*** Opening PROVIDED RECORDS ***

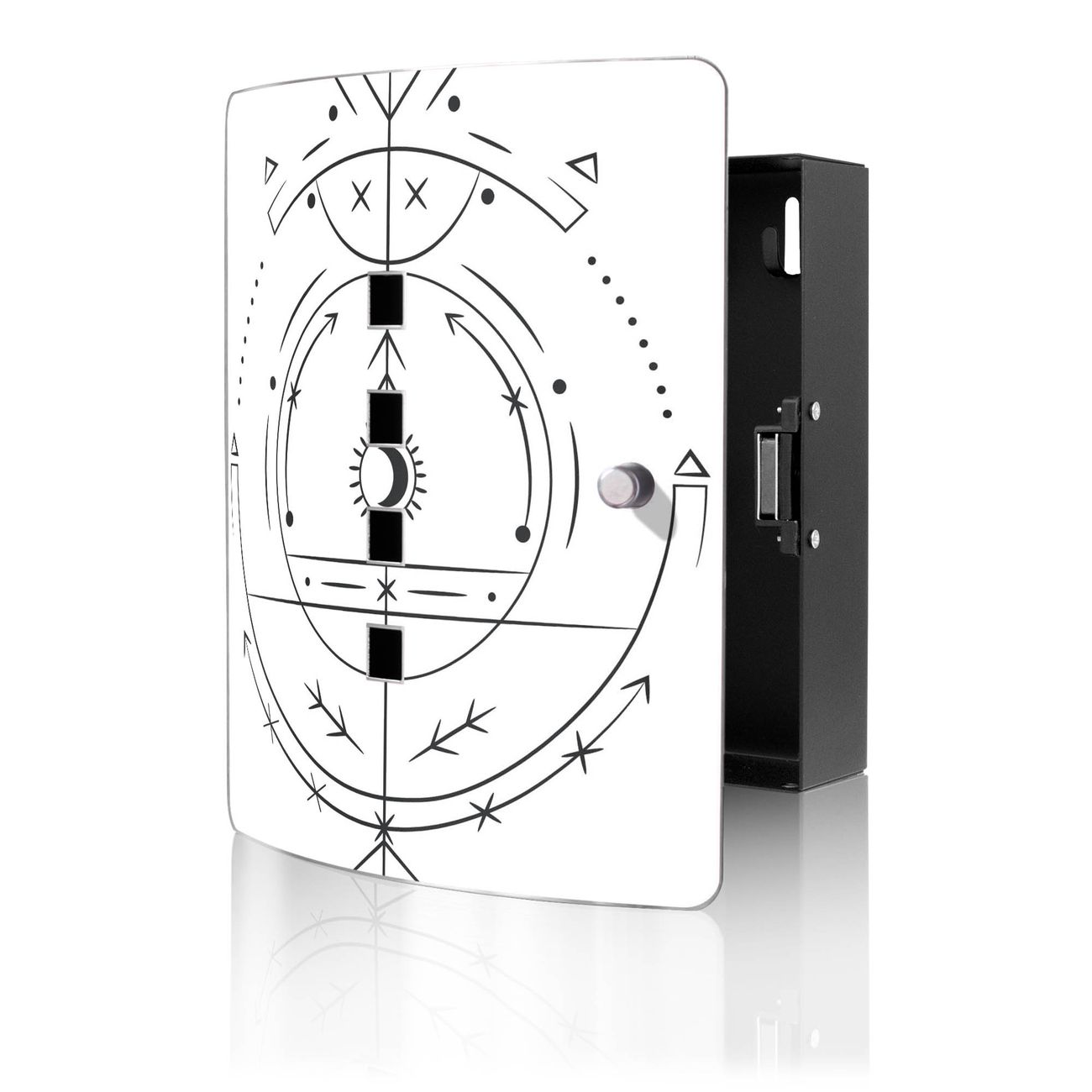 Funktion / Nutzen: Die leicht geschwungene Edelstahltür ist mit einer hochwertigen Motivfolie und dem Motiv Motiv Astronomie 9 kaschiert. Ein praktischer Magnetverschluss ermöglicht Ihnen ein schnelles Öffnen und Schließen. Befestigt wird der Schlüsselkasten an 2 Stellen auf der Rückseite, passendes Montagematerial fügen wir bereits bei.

*** Closing PROVIDED RECORDS ***
*** Opening PROVIDED RECORDS ***

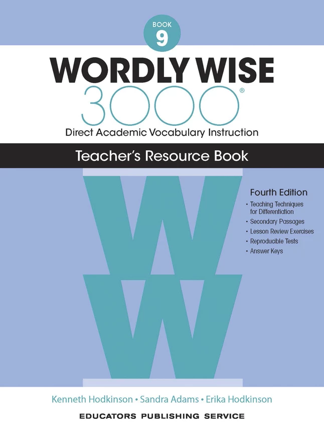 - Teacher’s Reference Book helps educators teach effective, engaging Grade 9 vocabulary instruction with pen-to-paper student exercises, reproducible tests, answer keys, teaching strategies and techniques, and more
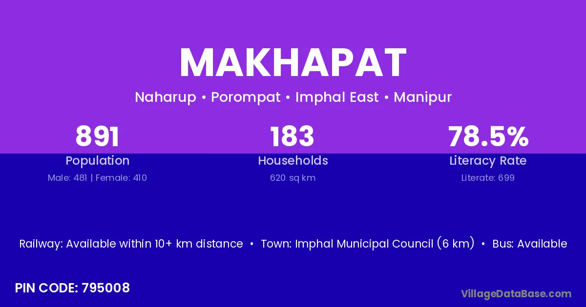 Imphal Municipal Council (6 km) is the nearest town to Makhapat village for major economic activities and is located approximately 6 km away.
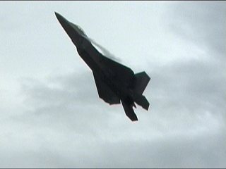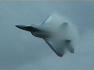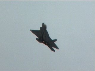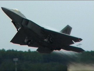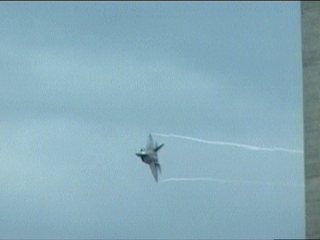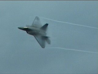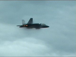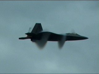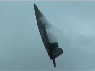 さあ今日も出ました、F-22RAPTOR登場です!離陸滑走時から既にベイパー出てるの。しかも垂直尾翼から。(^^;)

*** Closing PROVIDED RECORDS ***

INSTRUCTIONS FOR THE TASK: Starting at the line containing "Imphal Municipal Council" and finishing at the line containing "さあ今日も出ました、F-22", return those lines exactly as they appear above, without the pictures.

ANSWER BOX:
 Imphal Municipal Council (6 km) is the nearest town to Makhapat village for major economic activities and is located approximately 6 km away.
 さあ今日も出ました、F-22RAPTOR登場です!離陸滑走時から既にベイパー出てるの。しかも垂直尾翼から。(^^;)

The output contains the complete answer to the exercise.